SOCIETE

Pêche INN au Cameroun : « Sortir durablement des sanctions internationales” les explications de Henry Serge Kemgang, Directeur des pêches au MINEPΙΑ

Written by Annette Olinga


Face à la menace persistante de la pêche illicite, non déclarée et non réglementée (INN), le Cameroun accélère sa mue législative et technique.
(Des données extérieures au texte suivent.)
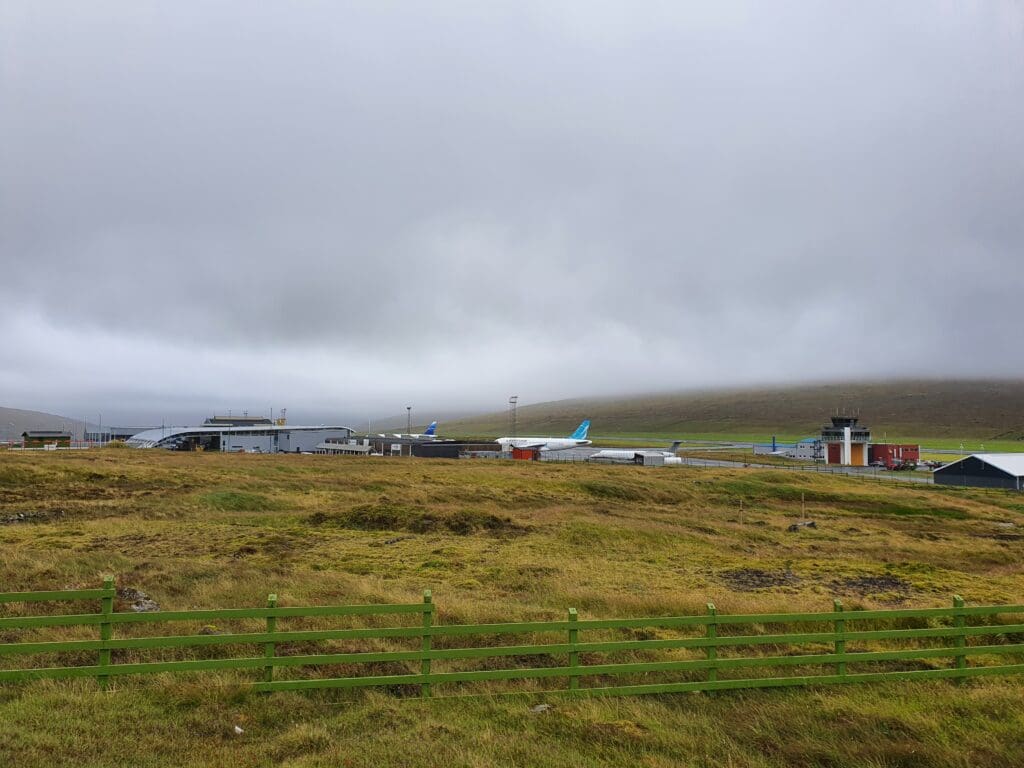 By the time I left the accommodation, the weather had thankfully cleared up a little and as journeys to airports go, this one was particularly scenic. As I approached the airport, the odd remaining British building from the Faroes’ Second World War occupation could be seen, as could the airport’s ramp. At that time, a small collection of aircraft could be seen – a Brazilian Banco Daycoval Embraer Legacy 650 and a stored Lattitude Hub livered Airbus A319, both of which I had spotted the previous day, as well as an Atlantic Airways Airbus A320neo. After walking along the backstreets near the airport’s perimeter fence, I trundled along the main road for the last couple of minutes of my journey before turning right and making my way down the airport’s driveway.

Dans un entretien M. Henry Serge Kemgang, Directeur des pêches et des Industries halieutiques au ministère de l’Élevage, des Pêches et des Industries animales (MINEPIA), dresse un bilan sans concession et trace la feuille de route d’une souveraineté halieutique enfin protégée.


Une réforme législative comme tournant historique

Interrogé sur l’état d’avancement de la lutte contre la pêche INN au Cameroun, M. Kemgang a d’abord salué les progrès législatifs récents. « Le Cameroun a engagé ces dernières années une réforme en profondeur de son dispositif de gouvernance des pêches », a-t-il rappelé.

Deux dates clés structurent cette dynamique : la promulgation de la loi du 23 décembre 2024, qualifiée de « tournant majeur », et les décrets d’application signés en mars 2026, qui précisent désormais les modalités concrètes d’immatriculation, de suivi des navires et de contrôle des activités en mer.

« L’objectif est double : sortir durablement des sanctions internationales, notamment le ‘carton rouge’ de l’Union européenne, et garantir une exploitation responsable de nos ressources halieutiques », a martelé le directeur.

Transparence accrue et assainissement du pavillon camerounais

Pour crédibiliser cette réforme, le Cameroun a déjà mis en œuvre des mesures concrètes : publication régulière des listes de navires autorisés, radiation des embarcations impliquées dans des activités illicites, et suspension des immatriculations afin d’assainir le pavillon national. Autant de gestes forts destinés à rassurer les partenaires internationaux et à restaurer l’image d’un pays désormais engagé dans une pêche responsable.

Les défis persistants : surveillance satellitaire et coordination

Malgré ces avancées, M. Kemgang a reconnu que « les défis restent importants », en particulier dans le domaine de la surveillance en mer. Le Cameroun doit encore renforcer ses capacités techniques, notamment via l’acquisition et l’opérationnalisation de systèmes de suivi satellitaire comme l’AIS (Système d’identification automatique) et le VMS (Système de surveillance des navires). Ces outils permettraient de tracer en temps réel les mouvements des navires, un prérequis indispensable pour dissuader les pêcheurs illégaux.

Le directeur a également insisté sur la question des moyens humains et financiers. « Une réglementation efficace doit s’accompagner d’un dispositif de contrôle robuste et bien équipé », a-t-il souligné.

Une lutte qui dépasse les frontières

Autre défi majeur : la coordination institutionnelle. La lutte contre la pêche INN implique en effet plusieurs administrations – Pêches, Transports, Défense, Douanes –, et « nécessite une synergie accrue ». Enfin, M. Kemgang a plaidé pour un renforcement de la coopération régionale et internationale, particulièrement dans le Golfe de Guinée. Objectif : mieux contrôler les navires opérant au-delà des eaux territoriales camerounaises et lutter efficacement contre les pratiques de transbordement illicite en haute mer.

Vers une sortie définitive du carton rouge ?

Avec cette feuille de route ambitieuse, le Cameroun espère convaincre l’Union européenne de lever les sanctions qui pèsent sur ses exportations halieutiques. La balle est désormais dans le camp des autorités camerounaises : les textes existent, les engagements sont clairs. Reste à transformer la réforme en réalité sur le terrain, vague après vague.